Trusted WordPress tutorials, when you need them most.
Beginner’s Guide to WordPress
WPB Cup
25 Million+
Websites using our plugins
16+
Years of WordPress experience
3000+
WordPress tutorials
by experts

How to Create a HIPAA-Compliant Form in WordPress (Easy Way)

Creating a HIPAA-compliant form in WordPress might sound tough. But don’t worry – it’s totally doable, even if you don’t have any technical skills.

At WPBeginner, our team has designed and tested a lot of different WordPress forms when writing tutorials and reviewing form plugins. So, we’re experts when it comes to customizing WordPress forms for specific purposes.

In this guide, we’ll break down how to create a HIPAA-compliant form in WordPress.

You’ll learn how to keep patient information safe and follow the law. Whether you’re a doctor, therapist, or just someone handling medical data, this guide is for you.

Creating HIPAA compliant form in WordPress

Disclaimer

We are not lawyers, and nothing on this website should be considered legal advice.

What Is HIPAA, and Why Should My Forms Be HIPAA-Compliant?

HIPAA stands for the Health Insurance Portability and Accountability Act. It’s an American law that helps protect people’s private medical information.

Any WordPress website that handles patient data in the United States, such as medical records on healthcare provider sites, telehealth platforms, and online patient portals, needs to ensure this information is safe and secure.

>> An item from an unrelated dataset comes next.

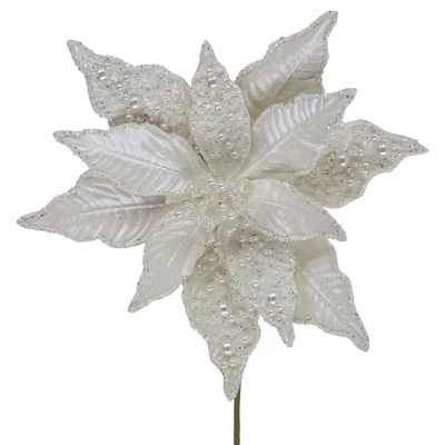 - Pearl White Poinsettia Christmas Stem Spray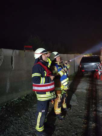 Mit der Rettung eines darunter befindlichen Dummys gilt dann auch dieser Teil der Übung als bestanden. Plötzlich werden noch zwei Personen vermisst. Auch sie werden nach einer kurzen Suchaktion im Gelände gefunden. Zum Abschluss der Übung zieht Zugführer Guido Seiger ein positives Resümee der Übung. Sein Dank und der Dank aller Beteiligten, insgesamt waren 24 Aktive an der Übung beteiligt, gilt Herrn Frese, der seine Werkstatt für die Übung zur Verfügung stellte, der Jugendfeuerwehr für die Darstellung der Verletzten und dem Vorbereitungsteam für die Vorbereitung der Übung.

So, why should your forms be HIPAA-compliant? It’s simply because the law says so.

HIPAA-compliant forms help build trust with your patients, as they’ll feel more comfortable knowing their personal health information is protected. And if you don’t follow HIPAA rules, you could face serious fines and penalties.

With that in mind, we’ll show you how to create a HIPAA-compliant form in WordPress. Here’s a quick overview of what we’ll cover in this guide:

Ready? Let’s get started.

How to Create a HIPAA-Compliant Form in WordPress

Creating a WordPress HIPAA-compliant form can seem complicated, but there’s no need to panic. It’s entirely manageable with the right tools and guidance.

That said, most form plugins aren’t HIPAA-compliant because they don’t have essential features for protecting sensitive health information under the law.

Often, they won’t offer the right encryption standards, secure data storage, and the ability to enter into a Business Associate Agreement (BAA) with a web hosting service.

The good news is that we’ve done the research, so you don’t have to. In doing so, we found a few reliable HIPAA-compliant form builders that can help you meet these standards.

In this guide, we will be using HIPAAtizer. In our opinion, this free plugin stands out because it offers comprehensive security features tailored for HIPAA compliance.

Disclaimer: Please keep in mind that before you create your HIPAA-compliant form, you’ll want to check that your web hosting provider is also HIPAA-compliant.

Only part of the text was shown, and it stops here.